Многими исследователями признается, что фармако-кинетические особенности препарата близки к «идеальным» [1, 10].
Как и все современные АЭП, ЛЕВ первоначально был испытан как дополнительный препарат в лечении резистентных СФЭ, продемонстрировав высокую эффективность, отсутствие фармакокинетических взаимодействий и сопоставимое с плацебо количество побочных эффектов [14, 15, 32].
В дальнейшем применение ЛЕВ у пациентов с ИГЭ в моно- и политерапии также позволило добиться обнадеживающих результатов в форме, в том числе высокочувствительными к препарату оказались приступы у больных с ЮМЭ [7, 20, 23, 32].
До недавнего времени ЛЕВ был зарегистрирован в РФ как дополнительный препарат в политерапии СФЭ у лиц старше 16 лет. Однако при неэффективности или непереносимости других АЭП он все же рекомендовался к применению в виде монотерапии и лицам, не достигшим 16 лет, при условии информированного согласия пациента или лица, осуществляющего над ним опеку [1]. Показав свою эффективность и продемонстрировав хорошую переносимость в исследованиях и клинической практике, в 2008 г.
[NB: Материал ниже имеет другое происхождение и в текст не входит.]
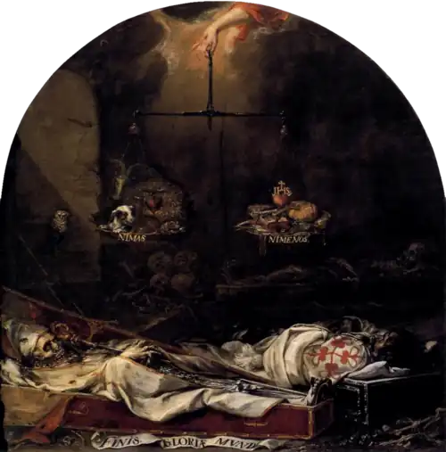 Finis Gloriae Mundi is an oil painting made by Juan de Valdés Leal between 1670 and 1672, and along with In Ictu Oculi, both were commissioned by Miguel Mañara to be placed below the choir of the church in the Hospital de la Claridad in Seville. Its dimensions are 220 x 216 cm finishing in an arc on the top. Both paintings together are also named "The Hieroglyphs of Life's End" or "The End of Life".[1]
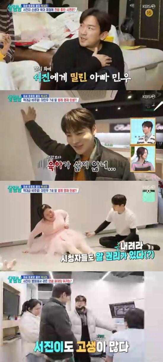 17일 방송된 KBS 2TV '살림하는 남자들 시즌2'에서는 박서진이 이민우 딸 육아에 도전하는 모습이 전파를 탔다.
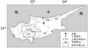 塞浦路斯是以旅游、金融等为主导产业的发达国家,人口增长缓慢。境内的特罗多斯山区壮美的自然风光和怡人的田园风情为其带来丰厚的旅游收入。2010年以来,该山区农业用地大量废弃,给当地旅游业造成冲击。为此,当地规划了废弃农业用地的恢复方案。下图示意塞浦路斯位置与地形。据此完成下面小题。
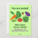 Avec des légumes vectoriels tirés de légumes gais, dont une carotte, des pois, du radis, du poivre, de l'aubergine et de la tomate, cette invitation serait un excellent moyen de promouvoir un stand de produits, un marché agricole, une foire de comté ou tout autre événement agricole.
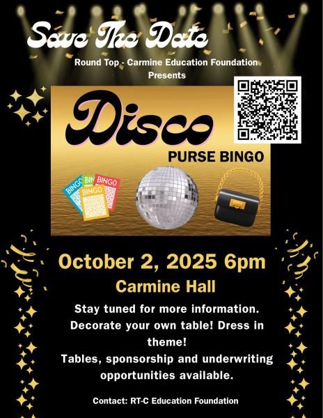 Join us for a fun-filled night of Disco Purse Bingo at Carmine Hall on Thursday, October 2nd! Our first-annual Disco Purse Bingo will benefit the programs of the Round Top-Carmine Education Foundation, while we have a disco-filled evening of wine, charcuterie, and bingo games! Designer Purses will be ready to be won during the evening. Get tickets for yourself or your table of 4 or 8 on our Event Tickets tab, or click here. Don't miss a great evening!
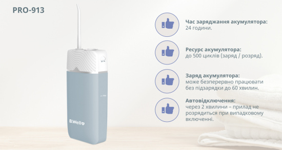 Іригатор B.Well PRO-913 працює в імпульсному режимі, саме такий принцип роботи іригатора має доведену ефективність. З B.Well PRO-913 легко підібрати комфортний режим. Потужність в залежності від режиму варіюється від 207 до 720 кПа. Насадка обертається на 360 °, щоб очистити важкодоступні місця. Складний та компактний: зручно брати з собою, прилад легко поміститься у будь-яку сумку, рюкзак і навіть у кишеню. Водонепроникна сумка входить до комплекту. Портативний іригатор PRO-913 легко заряджається від Micro USB адаптера, Power bank, ноутбука або комп'ютера. Однією повною зарядкою приладу вистачає до місяця роботи використання по 2 хвилини на день. Міні іригатор ідеально підійде для індивідуального використання.
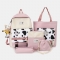 Dame 5 Stk Canvas Preppy Cow Pattern Multifunksjon Combination Bag Ryggsekk Tote Crossbody Bag Clutch Lommebok
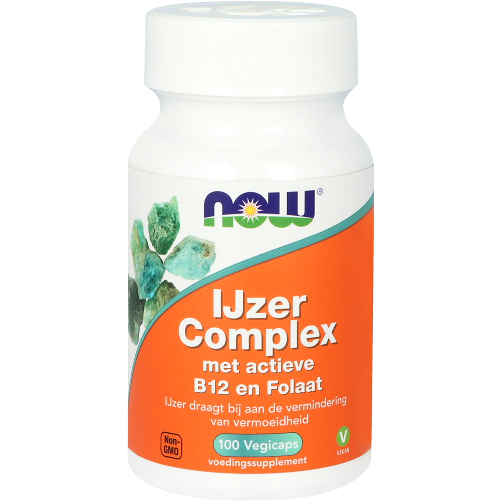NOW IJzer Complex met actieve B12 en Folaat Vegicaps is een voedingssupplement met uigebreide ijzerformule met Ferrochel®, een zeer goed opneembare en verdraagbare ijzerverbinding. Tevens bevat het de biologisch actieve vormen van foliumzuur (Quatrefolic®) en vitamine B12
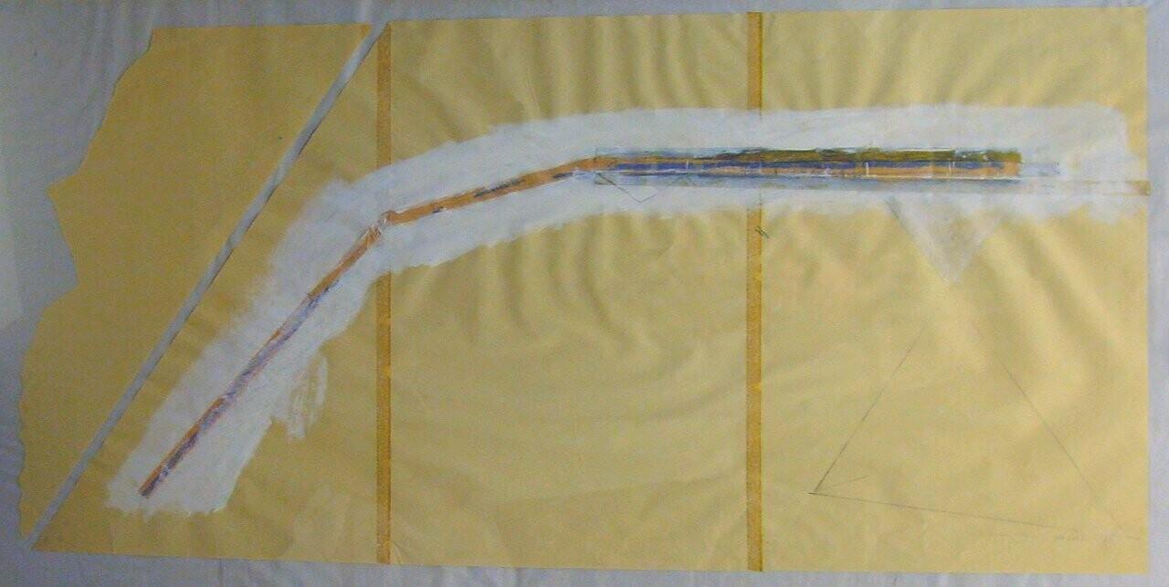 Drie vellen papier, naast elkaar geplaatst. Uit het linkervel, dat aan de zijkant is afgescheurd, is diagonaal een reepje papier gesneden. Evenwijdig hieraan is iets daaronder een strook plakband geplakt, omgeven door witte verf. Deze lijn loopt d...

ЛЕВ был зарегистрирован в нашей стране для применения в монотерапии генерализованных и фокальных эпилепсий.
С учетом современных особенностей лекарственного обеспечения взрослых больных АЭП в последнее время в Московской области особое внимание уделяется разработке региональных стандартов применения новых АЭП в рамках программ дополнительного лекарственного обеспечения (ДЛО) льготным категориям граждан.
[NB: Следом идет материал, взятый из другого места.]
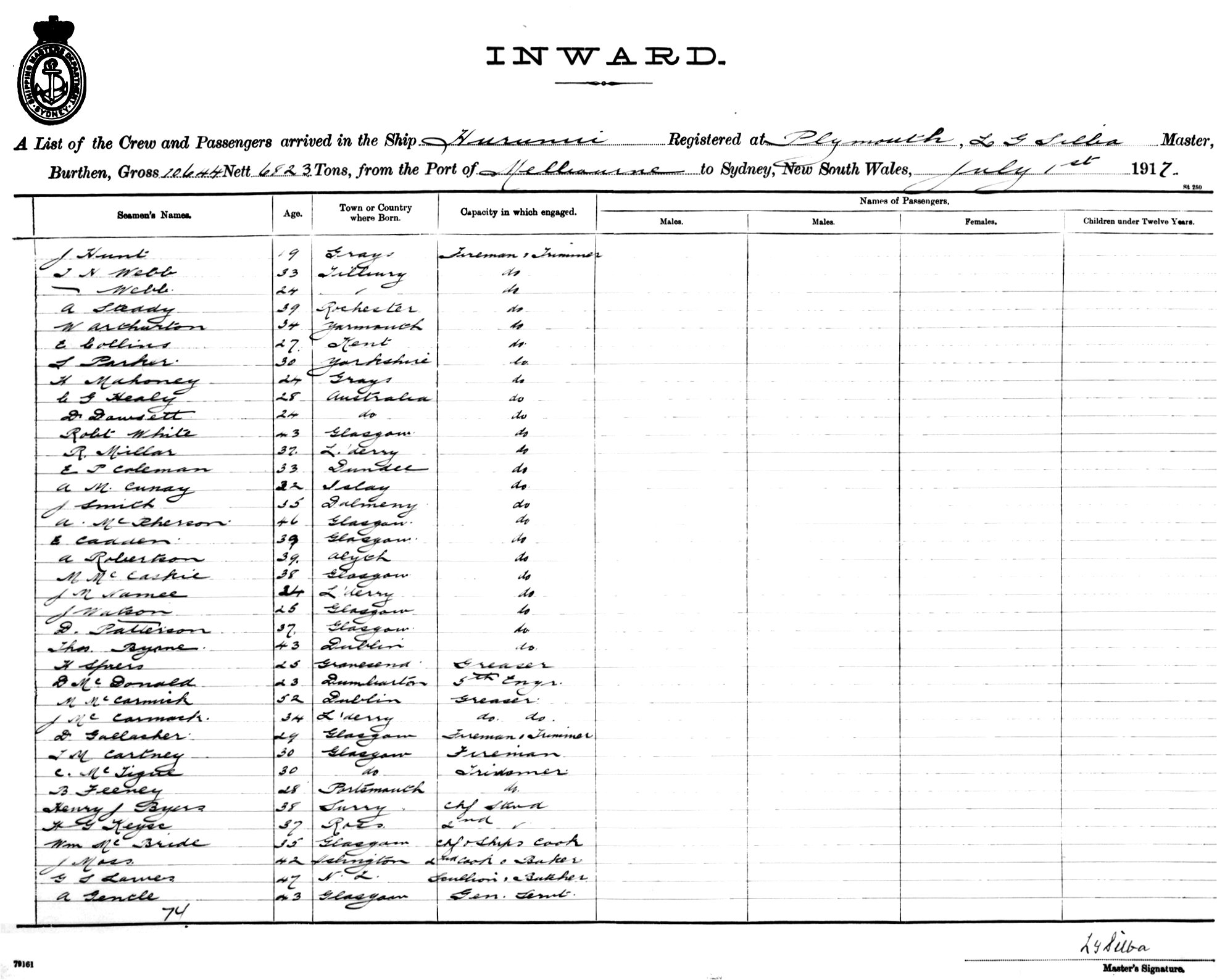 HURUNUIOF PLYMOUTH, L. G. SILBA, MASTER, BURTHEN 10644/6823 TONS FROM THE PORT OF LONDON VIA FREMANTLE, ADELAIDE & MELBOURNE TO SYDNEY, NEW SOUTH WALES, 1ST JULY 1917 |
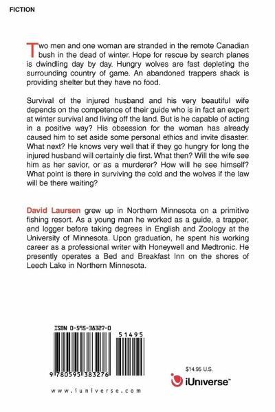 Two men and one woman are stranded in the remote Canadian bush in the dead of winter. Hope for rescue by search planes is dwindling day by day. Hungry wolves are fast depleting the surrounding country of game. An abandoned trappers shack is providing shelter but they have no food. Survival of the injured husband and his very beautiful wife depends on the competence of their guide who is in fact an expert at winter survival and living off the land. But is he capable of acting in a positive way? His obsession for the woman has already caused him to set aside some personal ethics and invite disaster. What next? He knows very well that if they go hungry for long the injured husband will certainly die first. What then? Will the wife see him as her savior, or as a murderer? How will he see himself? What point is there in surviving the cold and the wolves if the law will be there waiting?
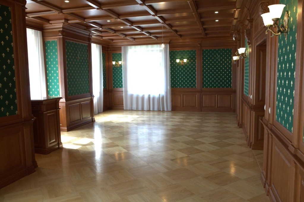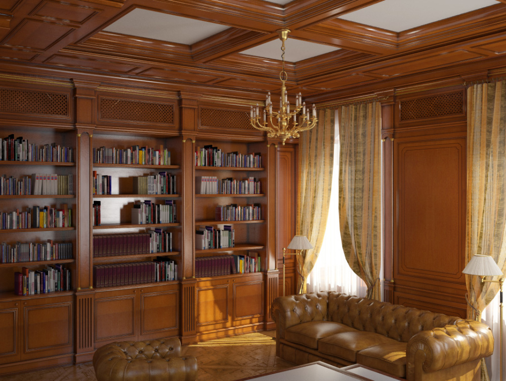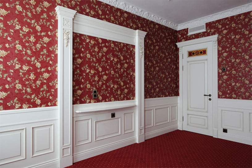 Συχνά, προβλέπει επένδυση τοίχου σε όλο το ύψος. Η οροφή είναι διακοσμημένη με δωμάτια σε στιλ αρ νουβό ή σε στιλ αυτοκρατορίας, αλλά σε αυτήν την περίπτωση, το πάνω μέρος των πάνελ είναι από κόντρα πλακέ, καλυμμένο με ύφασμα ή δέρμα.

ЛЕВ в этой связи уделяется особое внимание. И это не случайно. С учетом объективных факторов, скорее экономического, но не медицинского характера это препарат, спектр применения которого у взрослых за исключением редких случаев практически не имеет ограничений, однако в широкой практике терапии эпилепсии он представлен довольно скромно. В общем объеме потребления АЭП его доля не превышает 5%. Важнейший показатель эффективности АЭП — длительность удержания на терапии. По этому показателю ЛЕВ нередко уступает другим АЭП, однако, как показывает наша практика, отнюдь не в связи с неэффективностью контроля приступов. Решающее значение в большинстве случаев имеют все те же экономические соображения.
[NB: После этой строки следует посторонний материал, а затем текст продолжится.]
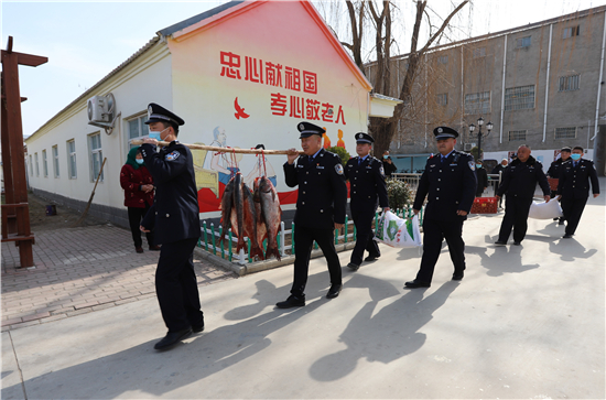 隨著春節(jié)日益臨近,該派出所所長(zhǎng)楊杰和大家商議,“送溫暖送祝?!被顒?dòng),應(yīng)該先從尊老愛(ài)幼開(kāi)始。于是,民警們購(gòu)買了60斤魚、100斤雞蛋和2袋面粉,利用中午休息時(shí)間來(lái)到敬老院,給老人們送上新春祝福。
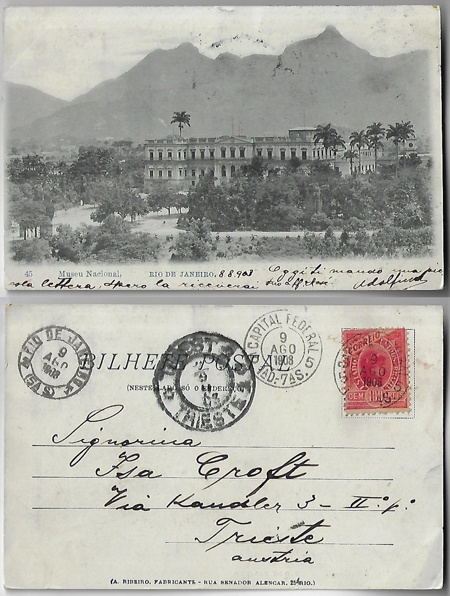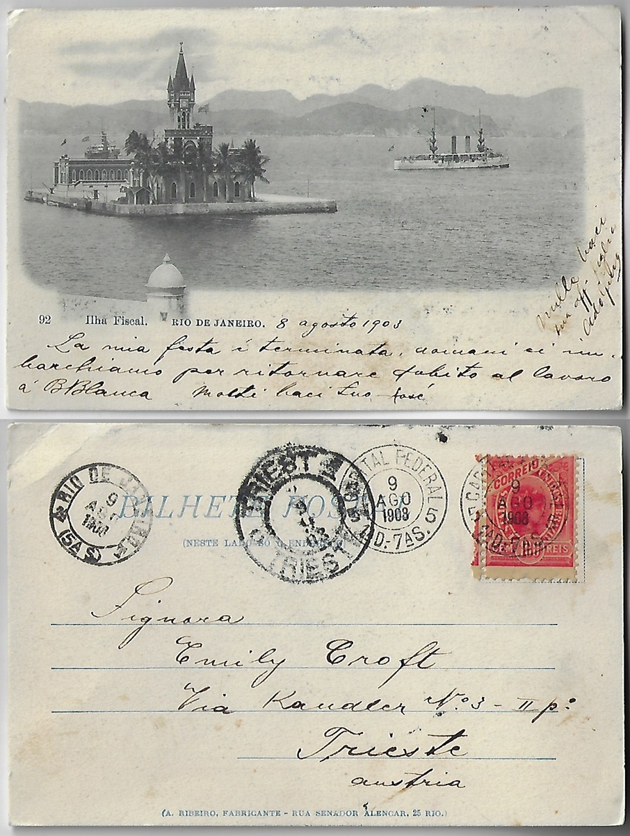 | 69658 | MG, 1906, Cartão Postal com foto monocromática da Igreja Dona Isabel, em Caxambu, enviado de Caxambu (10/4) para Rio de Janeiro, porteado com selo Madrugada 50 Réis, carimbo ferroviário "Ambulante Rio" (11/4) | 50,00 | Foto |
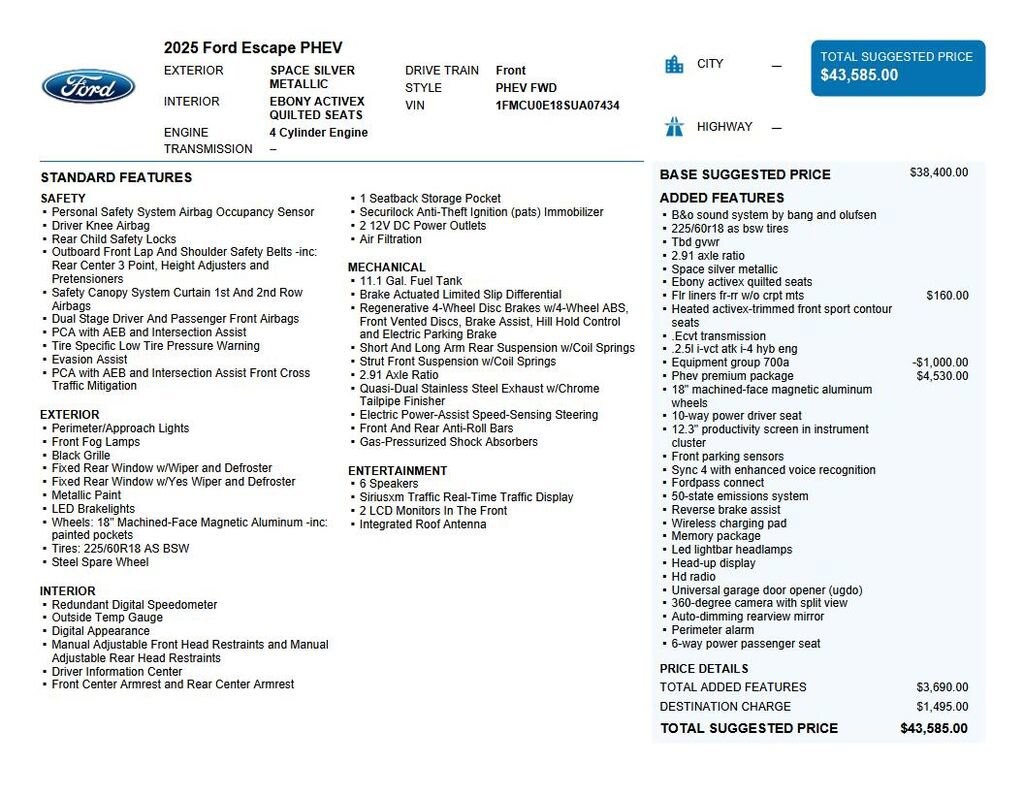 2025 Ford Escape Plug-In Hybrid Base We want you to shop confidently for your next used car at The BIG Ford Store, D-Patrick Ford. We are located on Highway 41 and Walnut in Evansville, right next to the Lloyd Expressway. Buy this used vehicle 100% online or in-store. This pre-owned vehicle was put through an extensive inspection before hitting our lot. Because of this, we are able to offer a 3-month/3,000-mile comprehensive limited warranty. You also get our Love It or Return It 5-day, 300-mile Exchange Policy. See our website for more details on both. We also offer extended service plans, vehicle protection plans, and offer a CarFax vehicle history report. *Prices listed do not include a $250 documentation fee, applicable tax, title, tags, license, or $195 service and preparation. All pricing, vehicle information, and features (such as accessories and color) are believed to be accurate, but we do not warrant or guarantee such accuracy. The prices shown above may vary from region to region, and incentives are subject to change. Some offers listed may not be available to all customers. All online sale commitments are subject to confirmation of continued availability of vehicle. Once availability is confirmed, online sale agreement becomes binding upon the parties. If any information found on the website is thought to be erroneous, please verify information with a customer service representative. See dealer for full details. Looking to sell your current vehicle? We buy cars for cash. Every test drive at D-Patrick Ford in Evansville earns $10 to a local charity. Schedule your test drive today! 2.5L iVCT, 10-Way Power Driver's Seat, 12.3 Productivity Screen in Instrument Cluster, 2.91 Axle Ratio, 360-Degree Camera w/Split View, 4-Wheel Disc Brakes, 6 Speakers, 6-Way Power Passenger Seat, ABS brakes, Air Conditioning, Alloy wheels, AM/FM radio: SiriusXM, AM/FM Stereo, Auto High-beam Headlights, Auto-Dimming Rear-View Mirror, Automatic temperature control, Brake assist, Bumpers: body-color, Compass, Delay-off headlights, Driver door bin, Driver vanity mirror, Dual front impact airbags, Dual front side impact airbags, Electronic Stability Control, Emergency communication system: SYNC 4 911 Assist, Equipment Group 700A, FordPass Connect, Four wheel independent suspension, Front & Rear Floor Liners w/o Carpet Mats, Front anti-roll bar, Front Bucket Seats, Front Center Armrest, Front dual zone A/C, Front fog lights, Front Parking Sensors, Front reading lights, Fully automatic headlights, HD Radio, Head-Up Display, Heated ActiveX-Trimmed Front Sport Contour Seats, Heated door mirrors, Heated front seats, Heated steering wheel, Heated Vinyl/Cloth Front Sport Contour Bucket Seats, Illuminated entry, Internet access capable: FordPass Connect 4G, Knee airbag, LED Lightbar Headlamps, Low tire pressure warning, Memory Package, Navigation system: Connected Navigation, Occupant sensing airbag, Outside temperature display, Overhead airbag, Overhead console, Panic alarm, Passenger door bin, Passenger vanity mirror, Perimeter Alarm, PHEV Premium Package, Power door mirrors, Power driver seat, Power Liftgate, Power steering, Power windows, Radio data system, Radio: B&O Sound System by Bang & Olufsen, Rear anti-roll bar, Rear reading lights, Rear seat center armrest, Rear window defroster, Rear window wiper, Remote keyless entry, Reverse Brake Assist, Speed control, Speed-sensing steering, Speed-Sensitive Wipers, Split folding rear seat, Spoiler, Steering wheel mounted audio controls, SYNC 4 w/Enhanced Voice Recognition, Telescoping steering wheel, Tilt steering wheel, Traction control, Trip computer, Universal Garage Door Opener (UGDO), Variably intermittent wipers, Wheels: 18 Machined-Face Magnetic Aluminum, Wireless Charging Pad, 2.5L iVCT. CARFAX One-Owner. 4D Sport Utility eCVT 2.5L iVCT FWD Silver Metallic CALL TODAY (812) 625-4823 OR SHOP ONLINE AT WWW.DPATRICKFORD.COM.

Несмотря на все объективные и субъективные сложности, препарат нашел свое место и занял прочные позиции в списке средств для терапии эпилепсии у взрослых, и не только в лечении медикаментозно резистентных ее форм, но и в стартовой монотерапии.
На базе консультативно-диагностического отдела Московского областного научно-исследовательского клинического института им. М.Ф. Владимирского (КДО МОНИКИ), его кабинета по оказанию специализированной медицинской помощи взрослым больным эпилепсией, проживающим в Московской области, за период с 2004 по 2009 г. проведен ряд исследований, посвященных различным аспектам терапии эпилепсии: эпидемиологическим, клиническим, фармакоэкономическим. Значительное внимание было уделено новым АЭП, в том числе ЛЕВ, как одному из новейших средств для лечения эпилепсии в отечественной клинической практике: его сравнительной с традиционными АЭП эффективности при различных формах эпилепсии, переносимости, влиянию на параметры качества жизни (реабилитационный потенциал) [6].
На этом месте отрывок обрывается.